• _SOURCE MATERIAL_:

════

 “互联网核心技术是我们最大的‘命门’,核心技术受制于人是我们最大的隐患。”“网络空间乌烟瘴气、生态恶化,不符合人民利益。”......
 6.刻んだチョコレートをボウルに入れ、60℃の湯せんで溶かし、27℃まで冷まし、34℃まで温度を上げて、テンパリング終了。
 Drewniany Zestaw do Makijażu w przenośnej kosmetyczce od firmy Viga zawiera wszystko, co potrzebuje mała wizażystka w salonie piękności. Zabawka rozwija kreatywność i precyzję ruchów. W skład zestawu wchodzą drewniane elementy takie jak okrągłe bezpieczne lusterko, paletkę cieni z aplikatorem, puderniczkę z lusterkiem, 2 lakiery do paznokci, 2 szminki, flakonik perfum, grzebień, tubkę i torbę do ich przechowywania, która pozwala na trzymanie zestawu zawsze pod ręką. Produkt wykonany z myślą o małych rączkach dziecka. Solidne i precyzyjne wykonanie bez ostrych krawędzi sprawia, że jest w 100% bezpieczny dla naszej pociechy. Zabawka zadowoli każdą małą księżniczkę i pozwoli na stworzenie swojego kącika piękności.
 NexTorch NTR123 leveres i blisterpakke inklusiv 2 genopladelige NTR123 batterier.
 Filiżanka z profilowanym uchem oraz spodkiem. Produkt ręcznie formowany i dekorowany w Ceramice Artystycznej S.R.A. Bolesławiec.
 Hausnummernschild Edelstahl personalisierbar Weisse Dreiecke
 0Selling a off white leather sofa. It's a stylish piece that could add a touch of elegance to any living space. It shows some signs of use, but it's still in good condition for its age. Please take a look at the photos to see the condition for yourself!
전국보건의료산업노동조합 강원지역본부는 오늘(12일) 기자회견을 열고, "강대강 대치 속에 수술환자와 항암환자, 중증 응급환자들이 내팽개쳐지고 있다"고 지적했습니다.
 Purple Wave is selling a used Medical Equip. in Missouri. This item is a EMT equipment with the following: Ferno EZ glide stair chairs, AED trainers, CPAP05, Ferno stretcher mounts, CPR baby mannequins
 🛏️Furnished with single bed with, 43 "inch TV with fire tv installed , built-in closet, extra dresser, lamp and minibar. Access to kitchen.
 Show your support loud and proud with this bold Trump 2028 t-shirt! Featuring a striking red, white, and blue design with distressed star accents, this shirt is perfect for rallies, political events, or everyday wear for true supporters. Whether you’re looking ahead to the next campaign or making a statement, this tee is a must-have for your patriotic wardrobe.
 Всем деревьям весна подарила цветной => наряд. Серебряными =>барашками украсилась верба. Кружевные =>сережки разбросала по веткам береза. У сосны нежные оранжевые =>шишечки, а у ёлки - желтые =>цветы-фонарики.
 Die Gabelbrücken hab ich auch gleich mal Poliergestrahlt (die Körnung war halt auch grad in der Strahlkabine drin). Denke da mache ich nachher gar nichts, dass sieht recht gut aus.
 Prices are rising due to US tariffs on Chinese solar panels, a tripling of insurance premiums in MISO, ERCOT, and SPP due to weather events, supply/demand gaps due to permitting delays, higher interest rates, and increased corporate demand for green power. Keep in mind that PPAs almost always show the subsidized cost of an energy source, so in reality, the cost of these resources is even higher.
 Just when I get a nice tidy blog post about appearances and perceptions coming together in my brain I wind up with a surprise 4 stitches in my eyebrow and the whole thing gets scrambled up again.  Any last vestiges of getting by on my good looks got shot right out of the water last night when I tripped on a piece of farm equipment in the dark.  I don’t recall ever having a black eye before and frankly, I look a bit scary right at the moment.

════

• _WORK INSTRUCTION_: Reproduce, please, the lines of the material from its first line down to the line containing "Purple Wave is", keeping both ends and nothing beyond them.

• _PROBLEM SOLUTION_:
 “互联网核心技术是我们最大的‘命门’,核心技术受制于人是我们最大的隐患。”“网络空间乌烟瘴气、生态恶化,不符合人民利益。”......
 6.刻んだチョコレートをボウルに入れ、60℃の湯せんで溶かし、27℃まで冷まし、34℃まで温度を上げて、テンパリング終了。
 Drewniany Zestaw do Makijażu w przenośnej kosmetyczce od firmy Viga zawiera wszystko, co potrzebuje mała wizażystka w salonie piękności. Zabawka rozwija kreatywność i precyzję ruchów. W skład zestawu wchodzą drewniane elementy takie jak okrągłe bezpieczne lusterko, paletkę cieni z aplikatorem, puderniczkę z lusterkiem, 2 lakiery do paznokci, 2 szminki, flakonik perfum, grzebień, tubkę i torbę do ich przechowywania, która pozwala na trzymanie zestawu zawsze pod ręką. Produkt wykonany z myślą o małych rączkach dziecka. Solidne i precyzyjne wykonanie bez ostrych krawędzi sprawia, że jest w 100% bezpieczny dla naszej pociechy. Zabawka zadowoli każdą małą księżniczkę i pozwoli na stworzenie swojego kącika piękności.
 NexTorch NTR123 leveres i blisterpakke inklusiv 2 genopladelige NTR123 batterier.
 Filiżanka z profilowanym uchem oraz spodkiem. Produkt ręcznie formowany i dekorowany w Ceramice Artystycznej S.R.A. Bolesławiec.
 Hausnummernschild Edelstahl personalisierbar Weisse Dreiecke
 0Selling a off white leather sofa. It's a stylish piece that could add a touch of elegance to any living space. It shows some signs of use, but it's still in good condition for its age. Please take a look at the photos to see the condition for yourself!
전국보건의료산업노동조합 강원지역본부는 오늘(12일) 기자회견을 열고, "강대강 대치 속에 수술환자와 항암환자, 중증 응급환자들이 내팽개쳐지고 있다"고 지적했습니다.
 Purple Wave is selling a used Medical Equip. in Missouri. This item is a EMT equipment with the following: Ferno EZ glide stair chairs, AED trainers, CPAP05, Ferno stretcher mounts, CPR baby mannequins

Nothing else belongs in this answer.